With a little planning, LRT will improve our city's finances, reduce personal transportation expenditures, improve public health, and create a more livable city for the vast majority of citizens.
By Craig Hermanson
Published October 14, 2011
Thanks to Sarah Wayland for her well-balanced and thought-provoking article on the impact of light rail transit (LRT) on low-income households and neighbourhoods.
It is a timely addition to the public discussion on LRT, as there has been some recent debate over the desirability of LRT because of potential negative effects on poorer residents in more affordable neighbourhoods.
There is no doubt that some of the benefits of LRT come from gentrification, which increases property values and improves property tax income for the host city. This improved tax income is accomplished without the expense of building new roads/sewers/services to ever more distant suburbs.
Put simply: it's far more efficient and easier on the purse strings to have higher income to spend over a denser region than the reverse.
Given this, it is easy to understand the concerns raised by some on RTH about possible displacement of poorer neighbours due to gentrification. For instance, the Locke Street neighbourhood has become less and less affordable over the time we have lived here.
I would argue this gentrification is in part because Locke Street is the hub of a walkable and transit-supported neighbourhood; and the affordability created by walkability and transit is in part what led to the gentrification.

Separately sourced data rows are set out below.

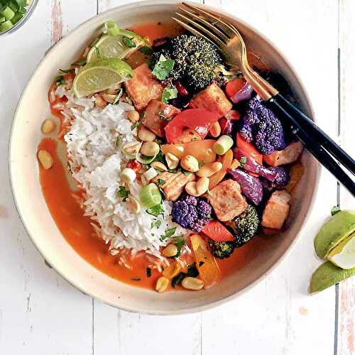 Thai Coconut Tofu Red Curry with Oven Roasted Vegetables is bursting with flavor and texture.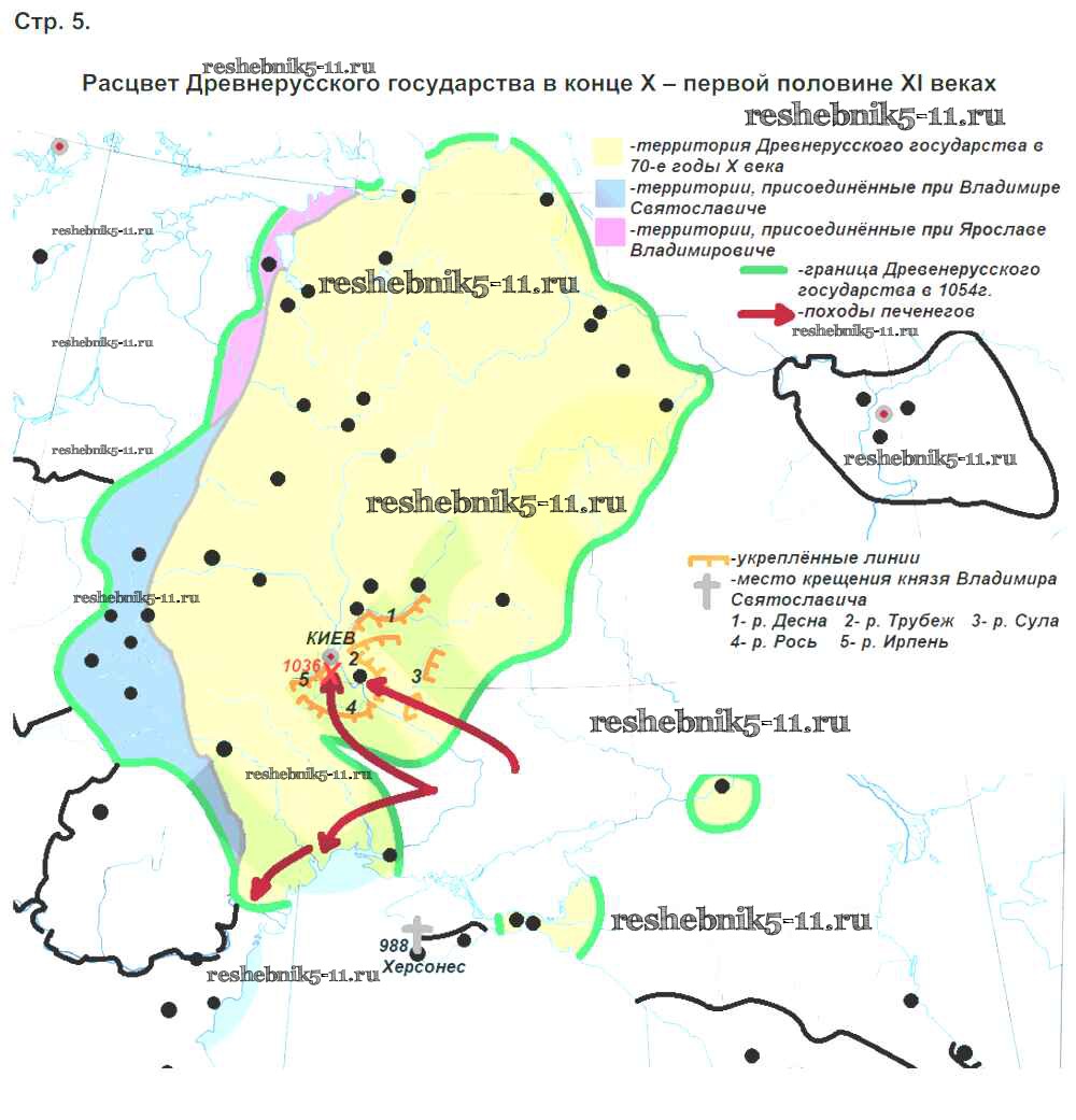 Готовая домашняя работа с ответами по Истории за 6 класс Тороп Контурные карты УМК Просвещение 2015 ФГОС - Русь в IX - первой XII века страница 5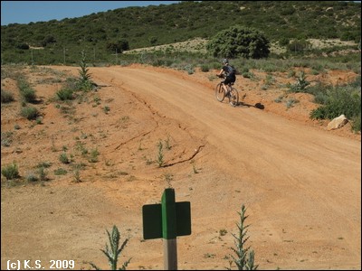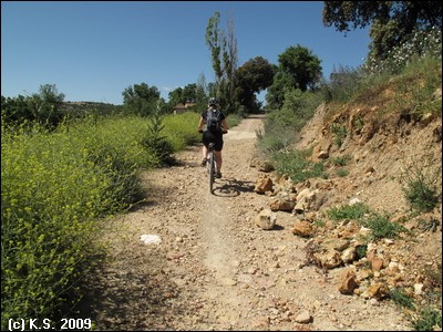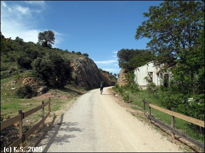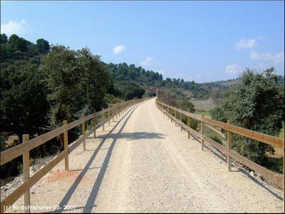 Es geht nun bergab! Eine Umfahrung führt uns unter der N-322 durch und wieder auf die Trasse (km 67). Hier folgt ein Stück schlechte Wegstrecke.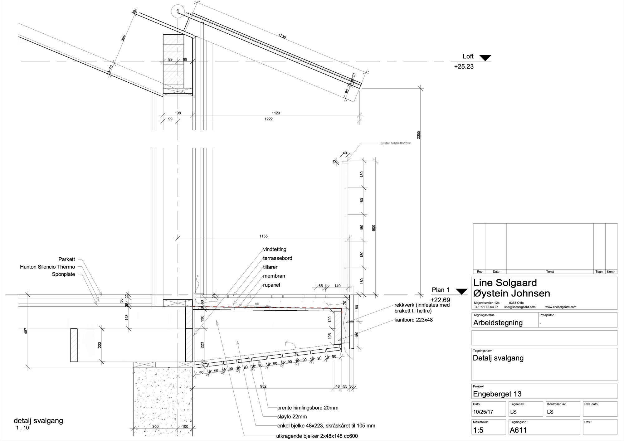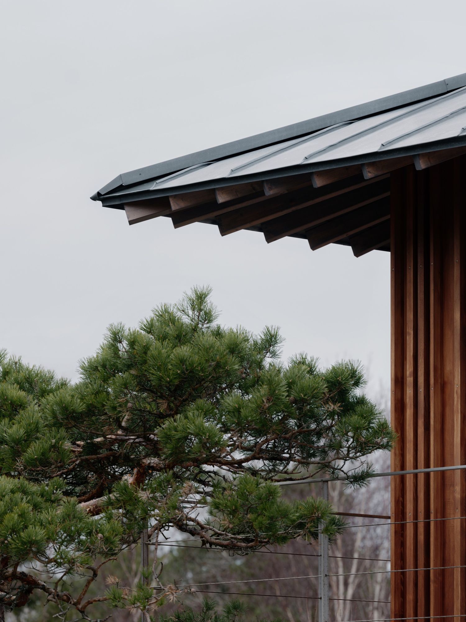 Cladding is in cedar and has different widths. There are also pillars with two different profiles. One is square and the other is deeper and concave. It provides a rich play of light and shadows in the facade. The profiles are designed and specially made at a local sawmill. The outside gallery is clad in burnt cedar to emphasize the envelope of the space within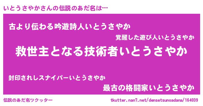 | ファンタジー風あだ名 | 『クインイット』『イトディッシュ』 |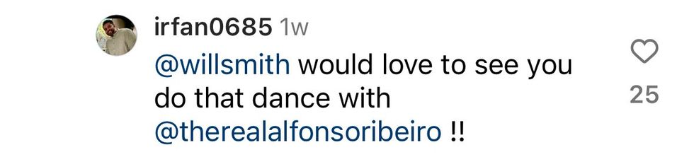 The supportive comment from Smith added a sentimental touch, considering the duo's history on the set of The Fresh Prince of Bel-Air, where Ribeiro regularly performed "the Carlton."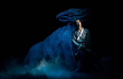 《東坡海南》舞劇則以蘇軾謫居海南的行船道途為伊始,在悲涼的音樂聲中緩緩拉開序幕。舞臺上燈光齊發(fā),電閃雷鳴、駭浪驚濤中,但見“東坡一個踉蹌,跌至船尾,悲思憂嘆,心神恍惚”。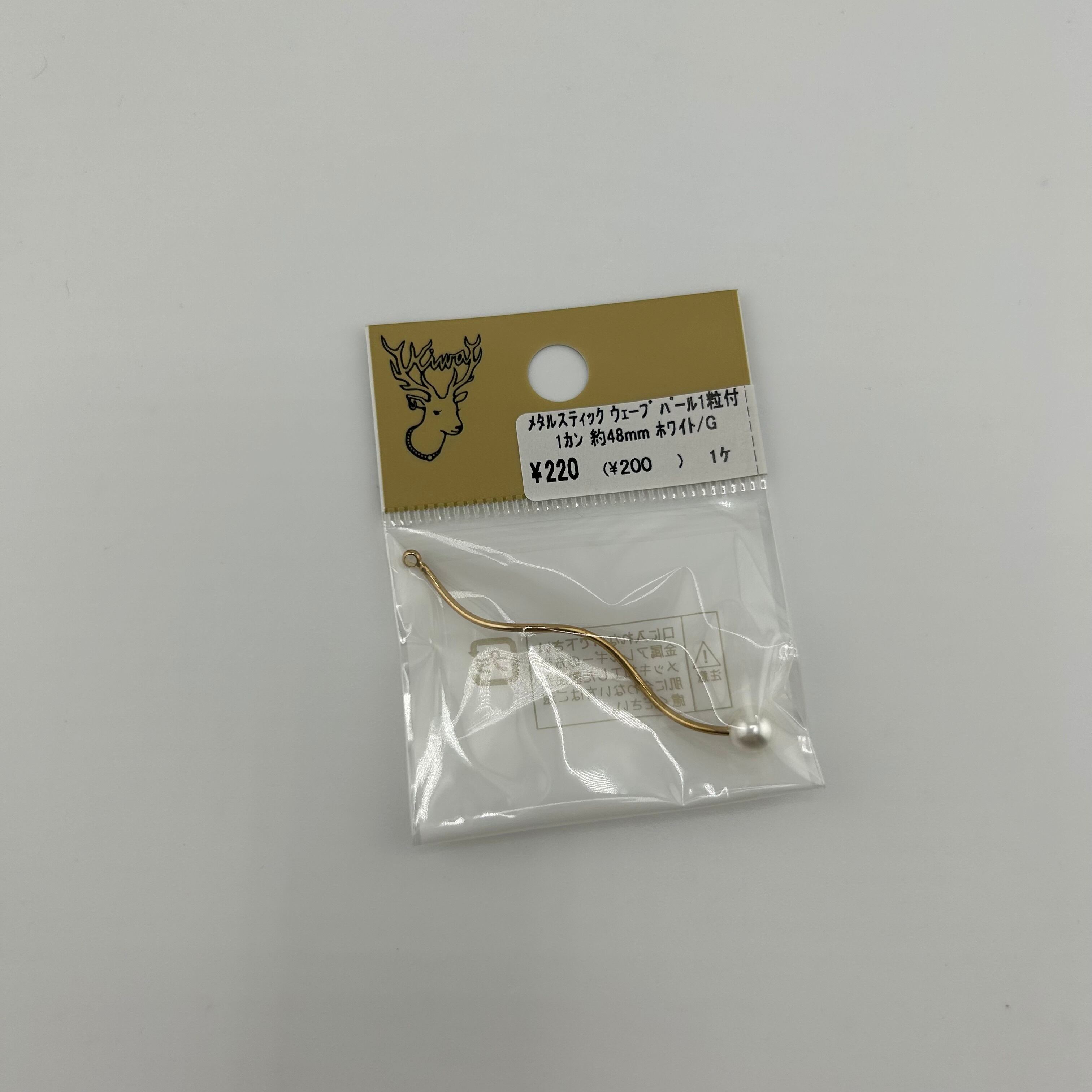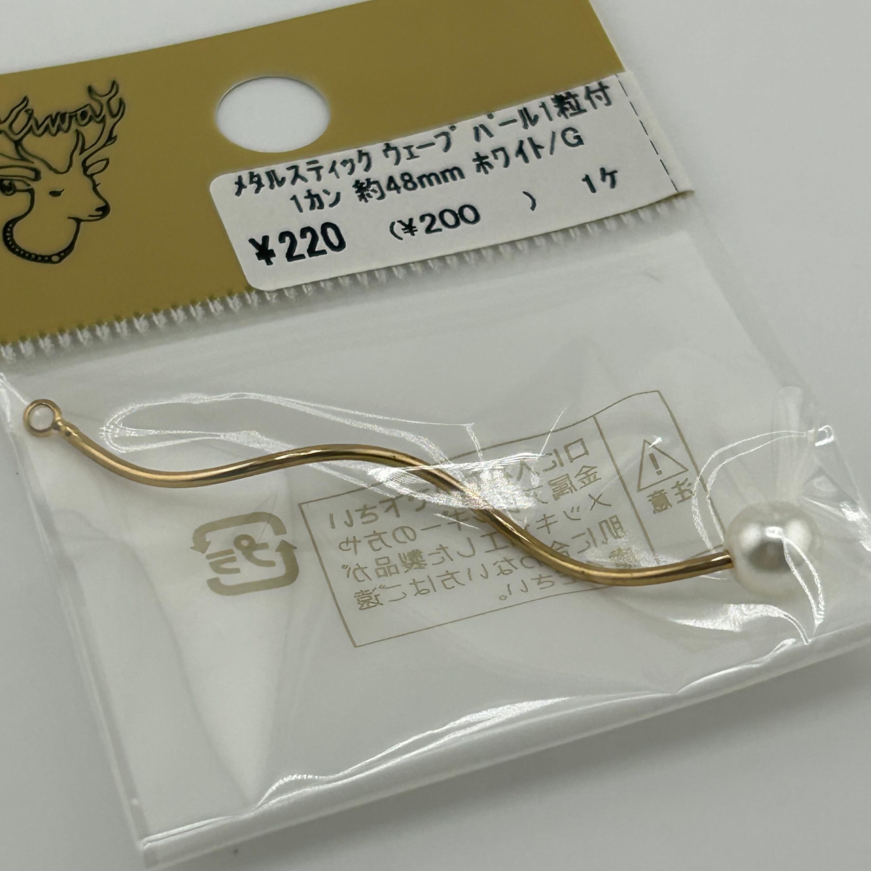 RP5774 メタルスティック ウェーブ パール1粒付 約48mm ホワイト/ゴールド 1本(リユース品)

I think we can look at the impacts of gentrification caused by improved transit from three perspectives:
1. Public transit is more efficient and affordable to residents than private new or used car ownership.
What's important to note is that when gentrification occurs along LRT lines, it is because of improved access to efficient public transit and increased walkability. Transit and walkability are democratizers: Not every household can afford one, two or three vehicles, but nearly all can afford a transit trip.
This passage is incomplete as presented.